● Required action: Nothing but the lines from the start of the data through the line with "杨幂吃固体杨枝甘露沉默了杨幂太可爱了,没加入你们的时尚" should appear in the answer, each retyped exactly, and pictures should not.
::: Records supplied :::
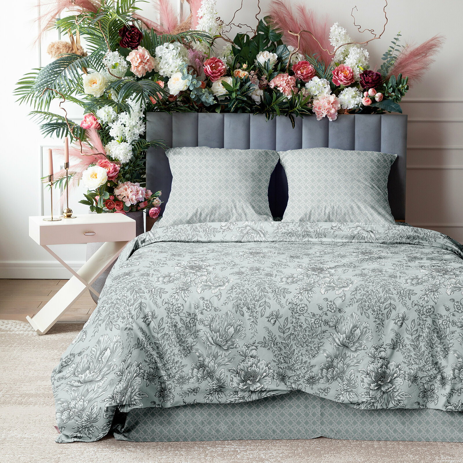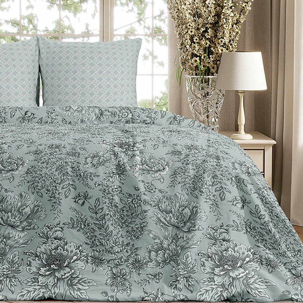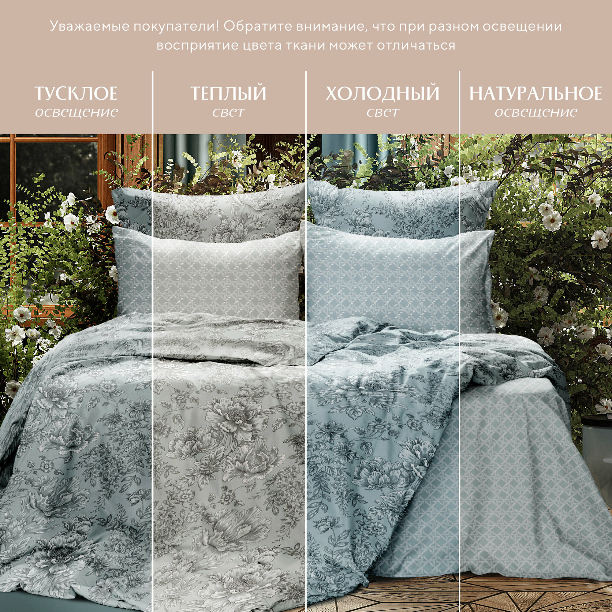 Постельное белье 1.5 спальное Mia Cara, Перкаль, нав. 70х70, Чарующий сад, пастельно-бирюзовый
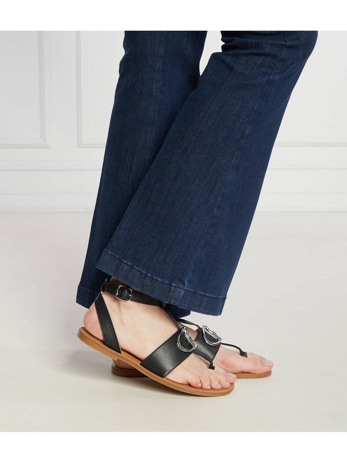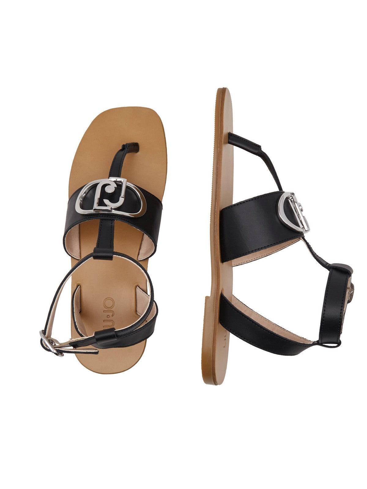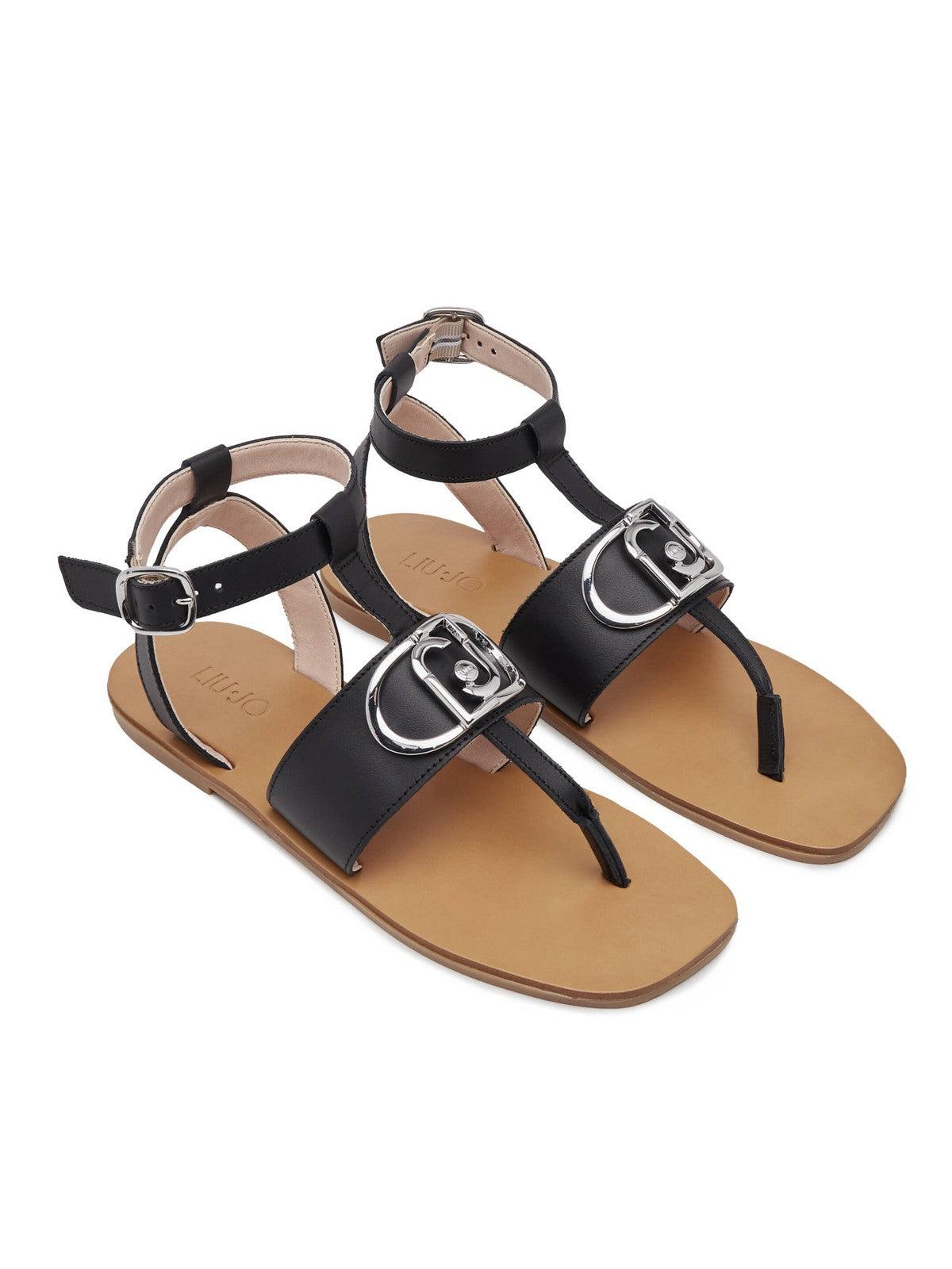 Sandalo basso LIIU JO con tomaia in pelle. Maxi logo in metallo sul fronte. Modello infradito. Cinturino da allacciare alla caviglia con fibbia regolabile. Suola alta 1 cm.
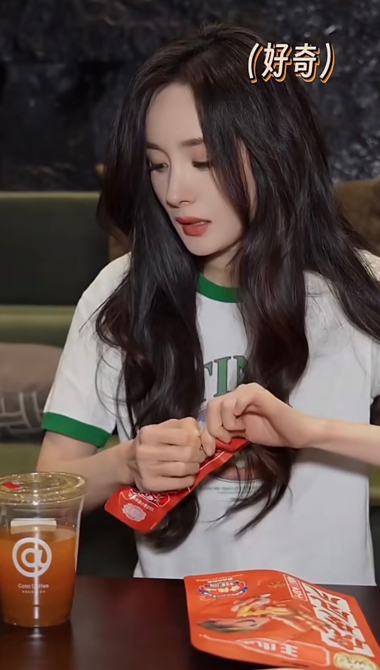 杨幂吃固体杨枝甘露沉默了杨幂太可爱了,没加入你们的时尚
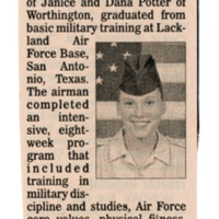 Digital image of newspaper article from the Hampshire Gazette, Feb 2-3, 2013. Shows Chesley Potter, daughter of Janice and Dana Potter, in uniform. She had just graduated from basic military training at Lackland Air Force Base in San Antonio, TX. The original copy no longer exists.
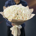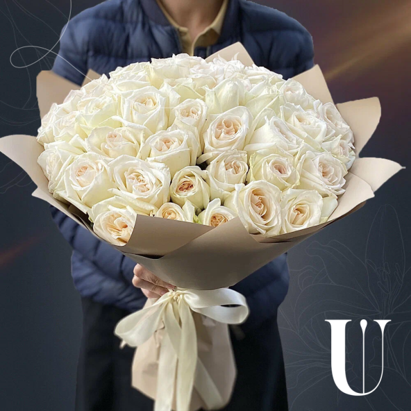 Монобукет из 51 пионовидной розы сорта White O'Hara в матовой пленке с атласной лентой - это изысканный и стильный подарок, который станет незабываемым сюрпризом для любого торжества или особого случая. Роскошные пионовидные розы сорта White O'Hara белого оттенка в составе букета обладают уникальной формой бутонов и незабываемым ароматом.
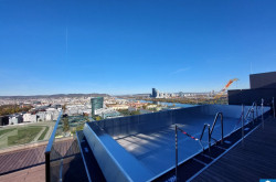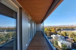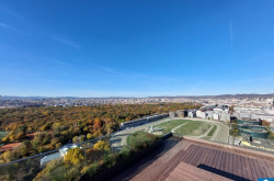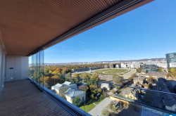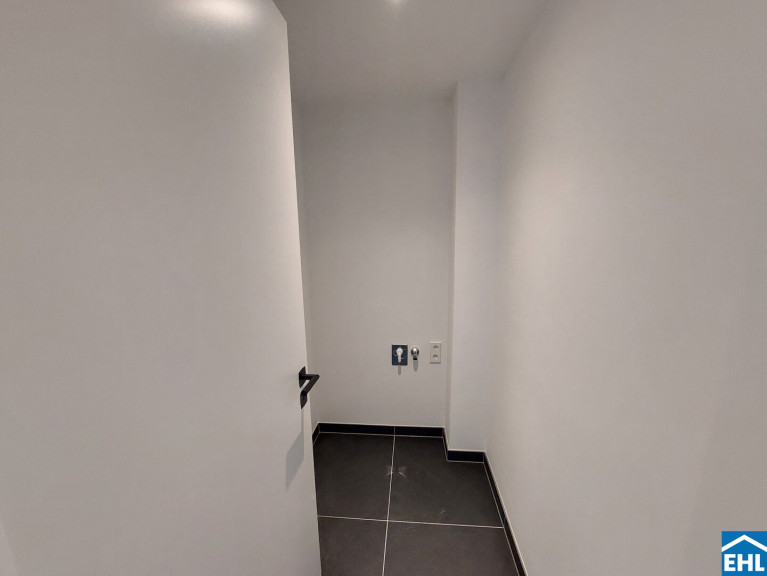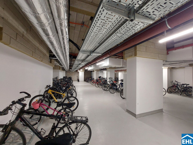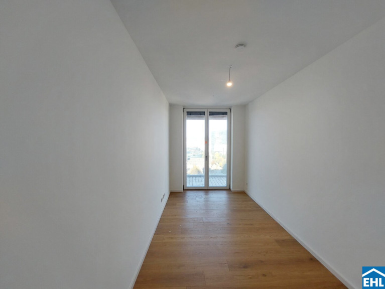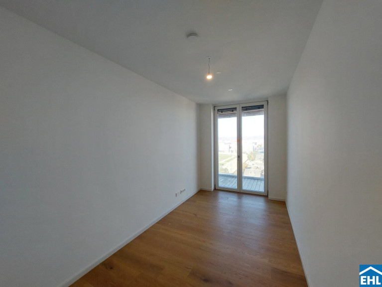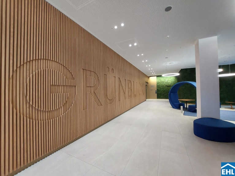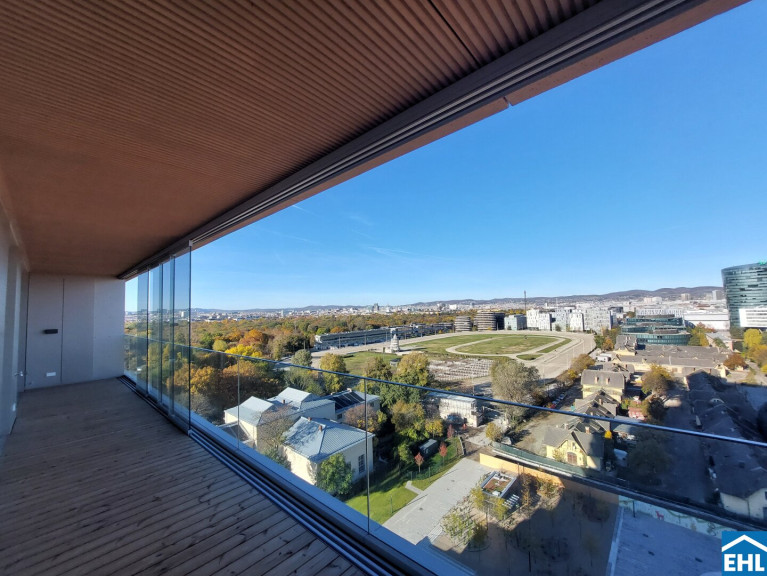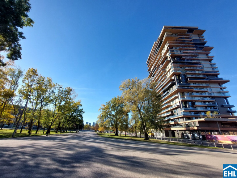 Ein weiteres Highlight ist die Freifläche, von der sich nicht nur ein herrlicher Blick über die Trabrennbahn, sondern auch ein weiter Blick über die Stadt eröffnet – vorbei am ehrwürdigen Rathaus, dem stolzen Stephansdom und bis hin zum lebendigen Prater – die 20 m² große Loggia erweitern den Wohnraum nach draußen und machen den Alltag luftiger: Frühstück in der Morgensonne, ein Glas Wein am Abend oder ein Rennen auf der Trabrennbahn Krieau.
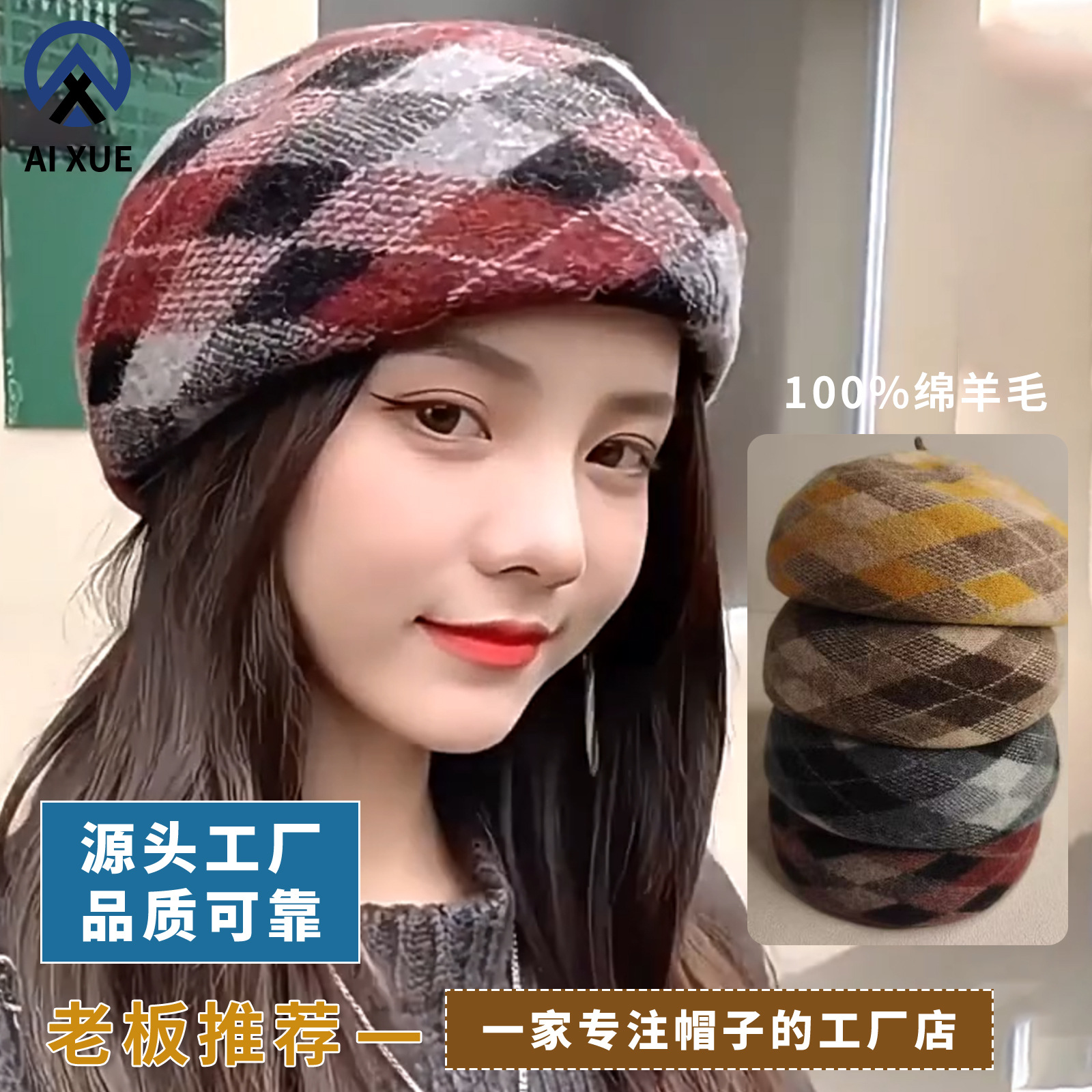 2025年新作高級ベレー帽 秋冬 韓国風画家帽 100%ウール帽子 ジャカード格子柄 保温パンプキンハット
:::
● Output for this task:
 Постельное белье 1.5 спальное Mia Cara, Перкаль, нав. 70х70, Чарующий сад, пастельно-бирюзовый
 Sandalo basso LIIU JO con tomaia in pelle. Maxi logo in metallo sul fronte. Modello infradito. Cinturino da allacciare alla caviglia con fibbia regolabile. Suola alta 1 cm.
 杨幂吃固体杨枝甘露沉默了杨幂太可爱了,没加入你们的时尚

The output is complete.